In case the run command is following: run $(perl -e 'print "\xaa\xbb\x00\xcc"') $(perl -e 'print "\xaa\xbb\xcc\x00"') $(perl -e 'print "\xaa\x00\xdd\xcc"') the expected result on x/15xb argv[1] is: 0xaa 0xbb 0x00 0xcc 0x00 0xaa 0xbb 0xcc 0x00 0x00 0xaa 0x00 0xdd 0xcc 0x00 in which the 5th, 10th and 15th 0x00 should belong to null terminator but the actual output is: 0xaa 0xbb 0xcc 0x00 0xaa 0xbb 0xcc 0x00 0xaa 0xdd 0xcc 0x00 0x58 0x44 0x47 in which it seems that 0x00 of the input has been ignored, only 0x00 corresponding to null-terminator has been considered.

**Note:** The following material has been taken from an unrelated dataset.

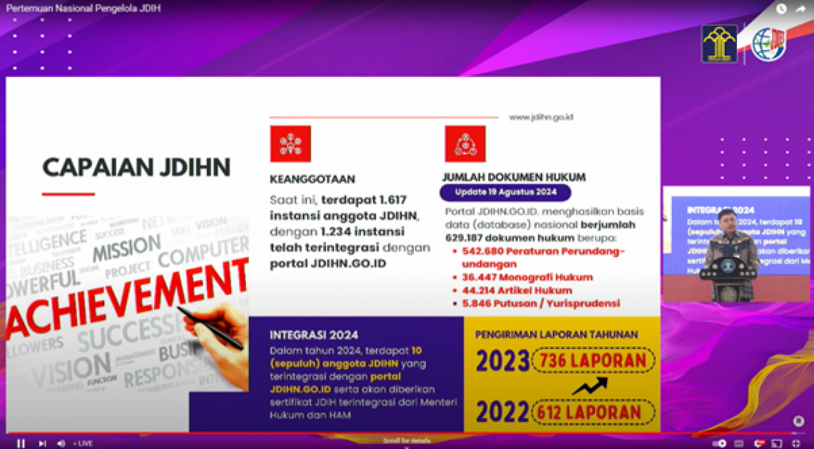 Penyerahan penghargaan dilaksanakan bersamaan dengan Pertemuan Nasional Pengelola Jaringan Dokumentasi dan Informasi Hukum Tahun 2024. Pertemuan nasional ini bertujuan memberikan apresiasi berupa penghargaan tahunan bagi anggota Jaringan Dokumentasi dan Informasi Hukum Nasional (JDIHN) terbaik dalam mengelola dokumen dan informasi hukumnya berdasarkan penilaian kinerja pada masing-masing anggota JDIHN di tahun 2023.

Any explanation??
@aniliitb10: bash strings cannot contain NULs. Or, more accurately, bash strings are always terminated with a NUL. So the result of $(printf '\xaa\xbb\x00\xcc') (which is the same as your perl print statement) is effectively a NUL-terminated string of two characters, \xaa\xbb.

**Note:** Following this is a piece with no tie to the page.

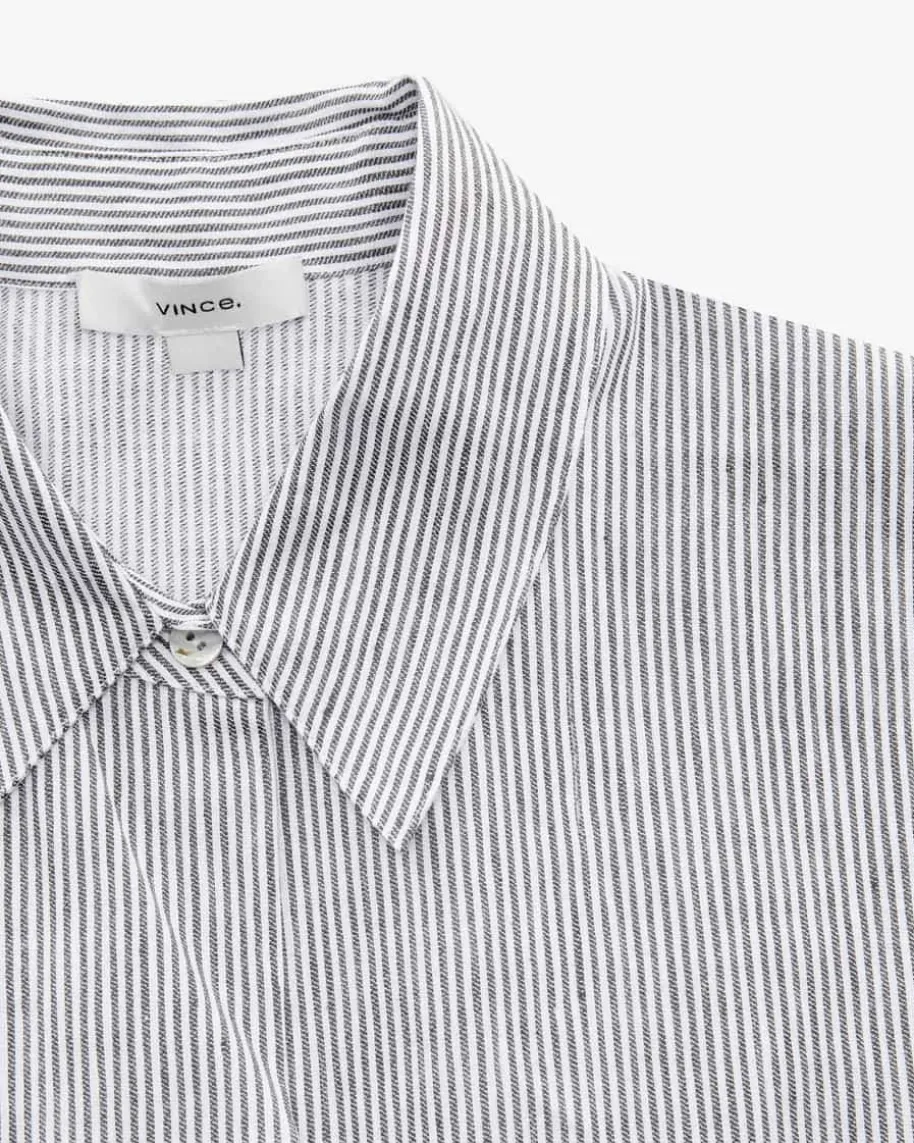 Bluse für Damen von Vince in Anthrazit und Weiß. Das Modell überzeugt mitklassischer Hemdblusen-Aufmachung, während das rückseitige Detail in Tunnelzug-Optik ein raffiniertes Highlight setzt. Das Streifen-Dessin vollendet den Lookzusammen mit den Knöpfen in Perlmutt-Optik harmonisch.

no, output shows that it is effectively a string of three characters, \xaa\xbb\xcc terminated with a NUL character. Can it just skip \x00 and proceed again to print \xcc as it did in $(perl -e 'print "\xaa\xbb\x00\xcc" ') ??
@aniliitb10: Interesting. You're right, bash removes the NULs from the string, rather than terminating the string when it hits one. I stand corrected. But either way, bash strings cannot contain NUL characters.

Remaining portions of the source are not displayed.